🤖 AI Summary
Accurate spatiotemporal association of young apples across multi-day, multi-view stereo image sequences in orchards remains challenging due to their small scale, low-point-cloud resolution, and unstable visual appearance.
Method: We propose the first lightweight Transformer architecture specifically designed for young apple detection and tracking. It jointly encodes shape and spatial position features via alternating self-attention and cross-attention mechanisms, enabling iterative refinement. Integrated with stereo vision feature extraction and an end-to-end trainable spatiotemporal matching framework, it explicitly models inter-frame and inter-view correspondences.

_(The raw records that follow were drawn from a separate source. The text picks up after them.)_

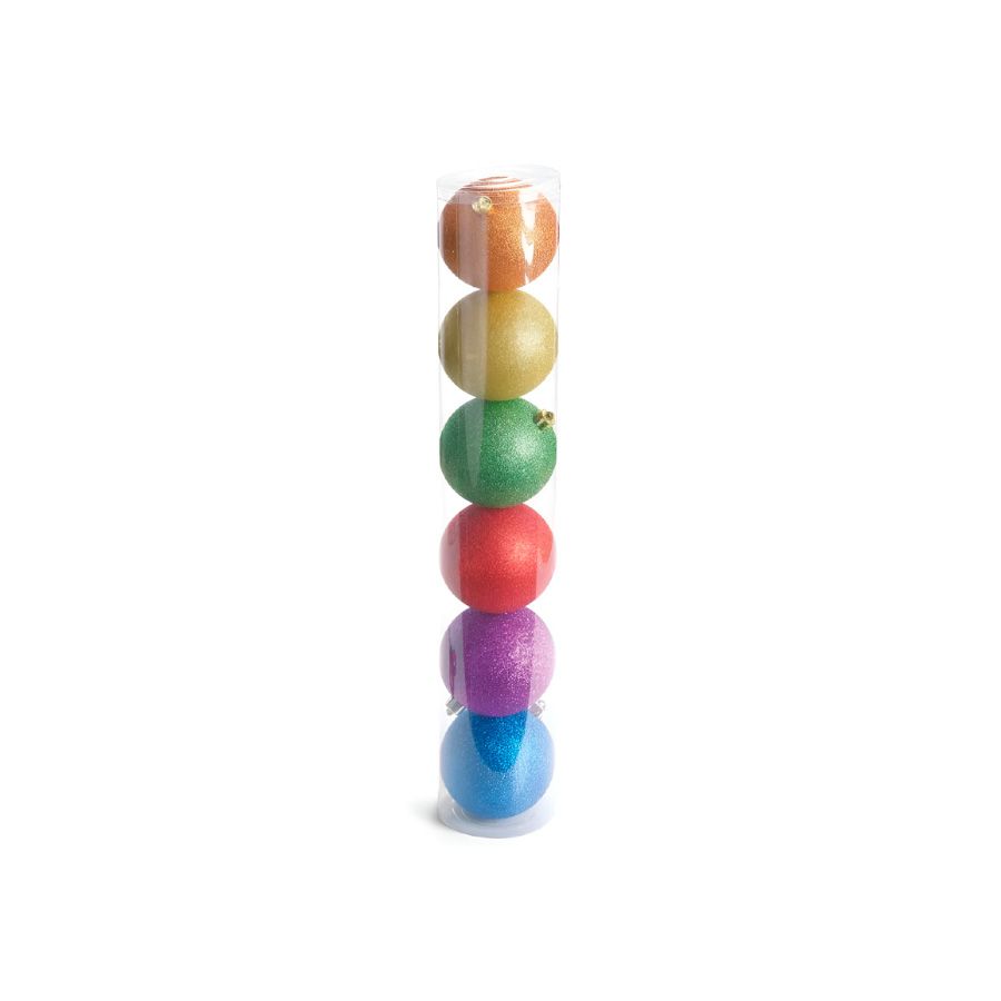Jogo de 6 peças de Bola em tubo com glitter decorativo para Natal, nas respectivas cores: Laranja, Amarelo, Verde, Vermelho, Roxo e Azul.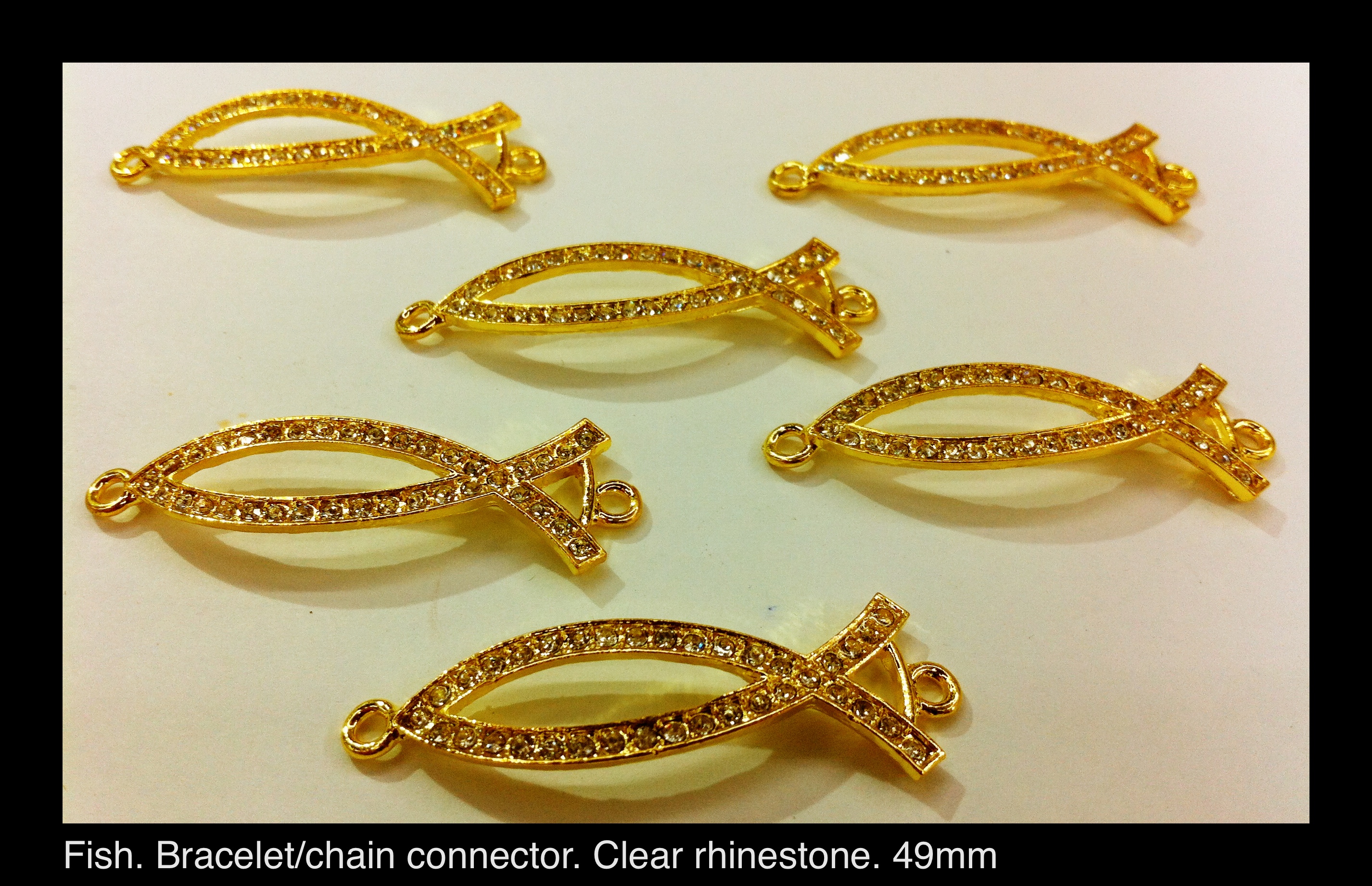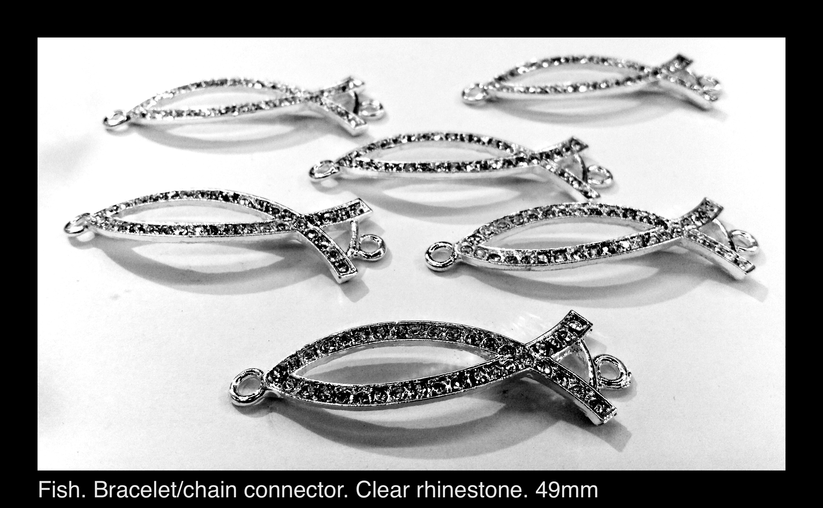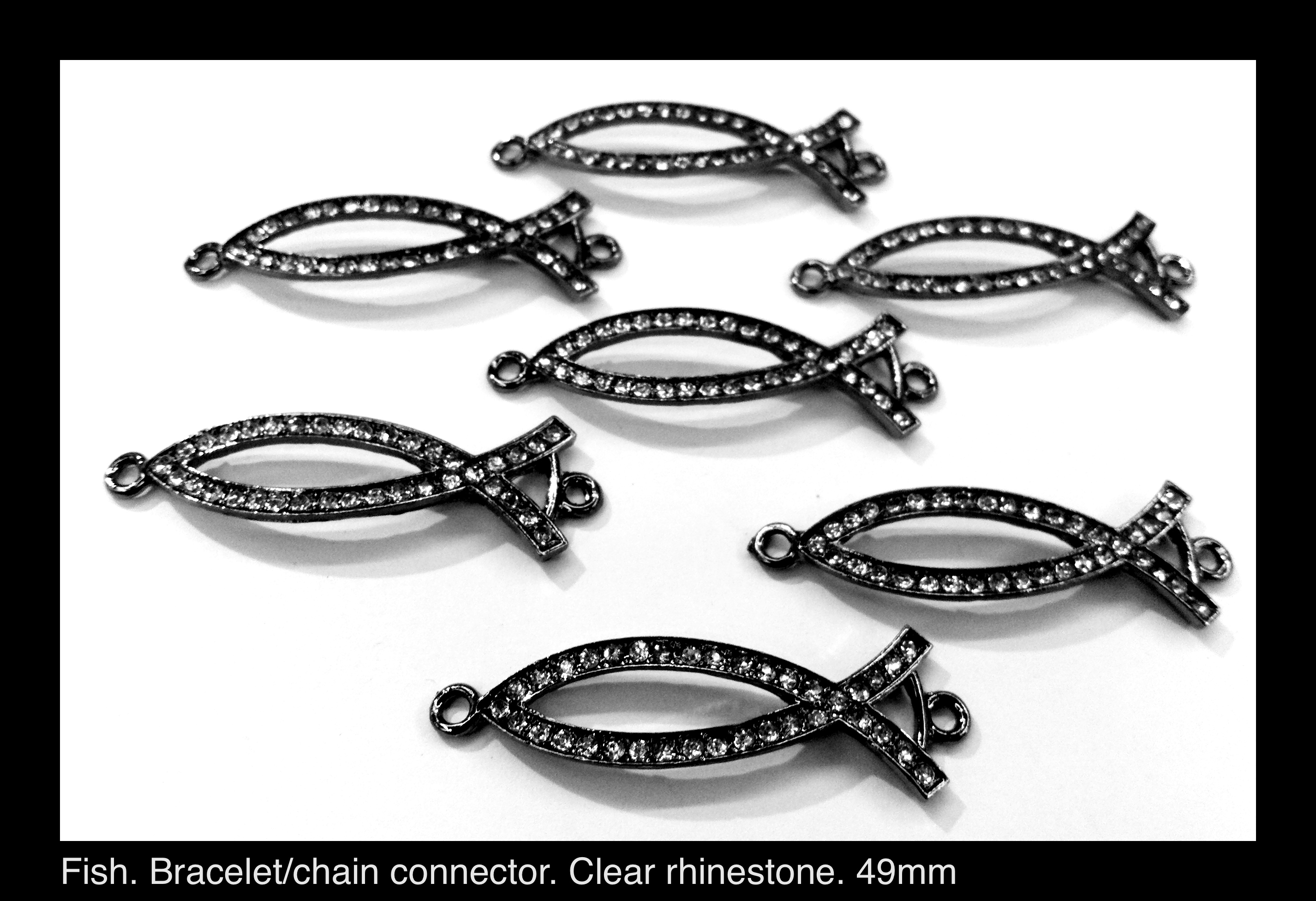 Fish. Bracelet connector.49mm. Rhinestone encrusted plated metal. *6pc package* PLEASE NOTE: for "MIX" a default mix of colors are sent unless noted otherwise.
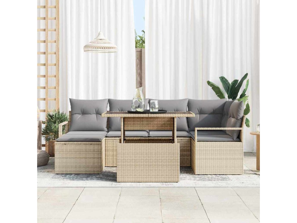 Sada zahradních pohovek s úložištěm 7 pcs Béžová Poly ratan 3357593

Contribution/Results: Evaluated on a real-world commercial orchard dataset, our method achieves a 92.4% F1-score—outperforming all existing baselines and ablation variants. It establishes a new paradigm for fine-grained fruit tracking in agriculture, offering robustness to occlusion, viewpoint variation, and developmental morphological changes.
📝 Abstract
In this paper, we present a transformer-based method to spatio-temporally associate apple fruitlets in stereo-images collected on different days and from different camera poses. State-of-the-art association methods in agriculture are dedicated towards matching larger crops using either high-resolution point clouds or temporally stable features, which are both difficult to obtain for smaller fruit in the field. To address these challenges, we propose a transformer-based architecture that encodes the shape and position of each fruitlet, and propagates and refines these features through a series of transformer encoder layers with alternating self and cross-attention. We demonstrate that our method is able to achieve an F1-score of 92.4% on data collected in a commercial apple orchard and outperforms all baselines and ablations.